British criminal case

The Duke of Westminster's case was an often cited case in tax avoidance. The full title and citation was Inland Revenue Commissioners v. Duke of Westminster [1936] A.C. 1; 19 TC 490.

The Duke of Westminster used to employ a gardener and pay him from his post-tax income, which was substantial. To reduce tax, the Duke stopped paying the gardener's wage and instead drew up a covenant, agreeing to pay an equivalent amount at the end of every specified period. Under the tax laws of the time, this allowed the Duke to claim the expense as a deduction, thus reducing his taxable income and his liability towards income tax and surtax.

The Inland Revenue challenged this arrangement as tantamounting to tax evasion and took the Duke to court. They however lost their case. The judge, Lord Tomlin, famously said:

Every man is entitled, if he can, to order his affairs so that the tax attaching under the appropriate Acts is less than it otherwise would be. If he succeeds in ordering them so as to secure this result, then, however unappreciative the Commissioners of Inland Revenue or his fellow tax-payers may be of his ingenuity, he cannot be compelled to pay an increased tax.

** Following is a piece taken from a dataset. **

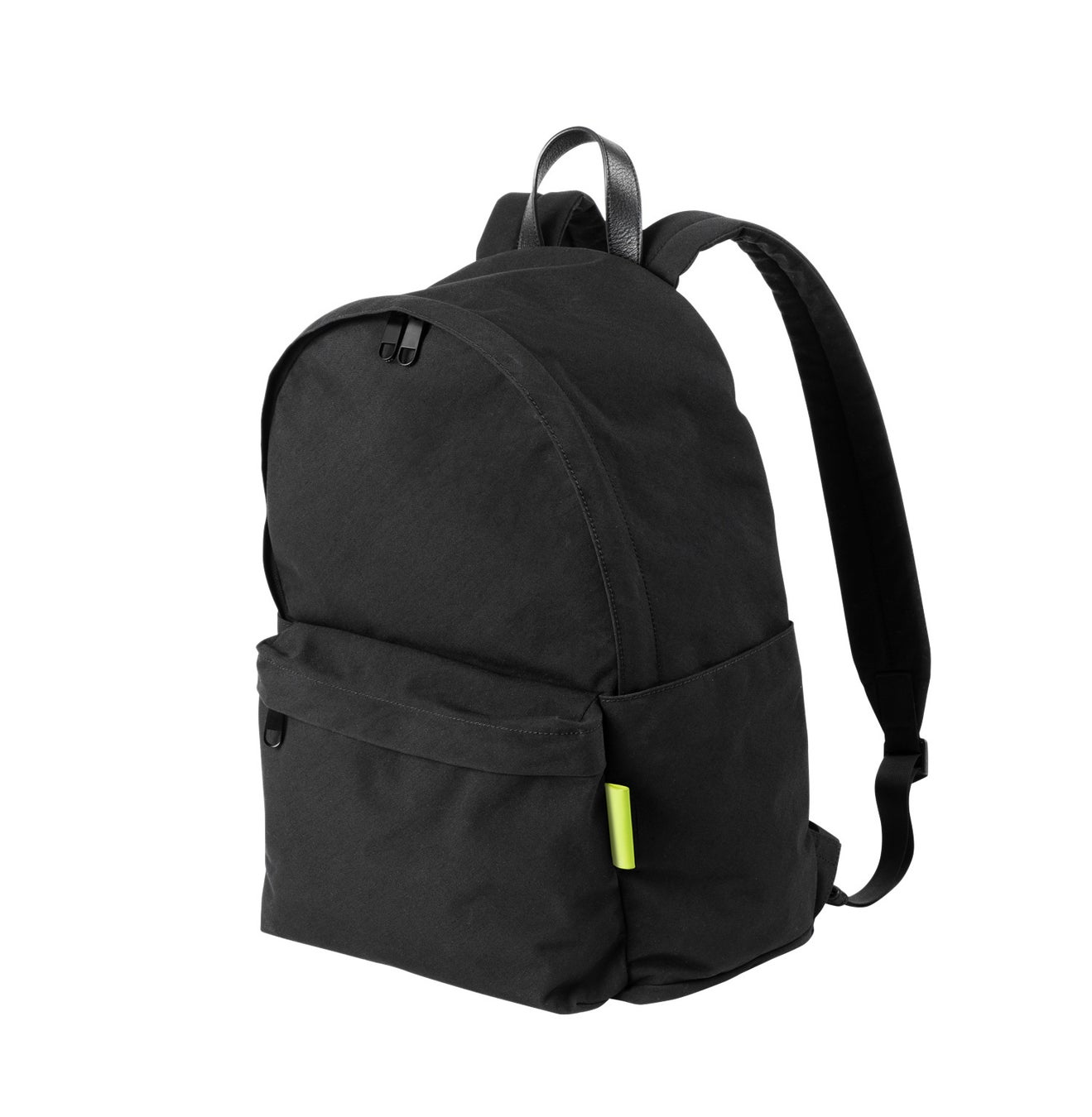 新型の発売を記念し、バックパックMediumでは、外装ポケットの横に付いている革タグの数量限定カラーを予約発売します。革タグの色はバッグの黒地に映える「ライムグリーン」と「オフホワイト」の2色です(通常商品のタグは「ブラック」)。価格は通常商品と同じ¥39,600(税込)です。

Although this ruling was attractive for others seeking to avoid tax legally by creating complex structures, it has since been weakened by subsequent cases where the courts have looked at the overall effect. An example of the courts' later, more restrictive approach was the Ramsay principle where, if a transaction had pre-arranged artificial steps that served no commercial purpose other than to save tax, the proper approach was to tax the effect of the transaction as a whole.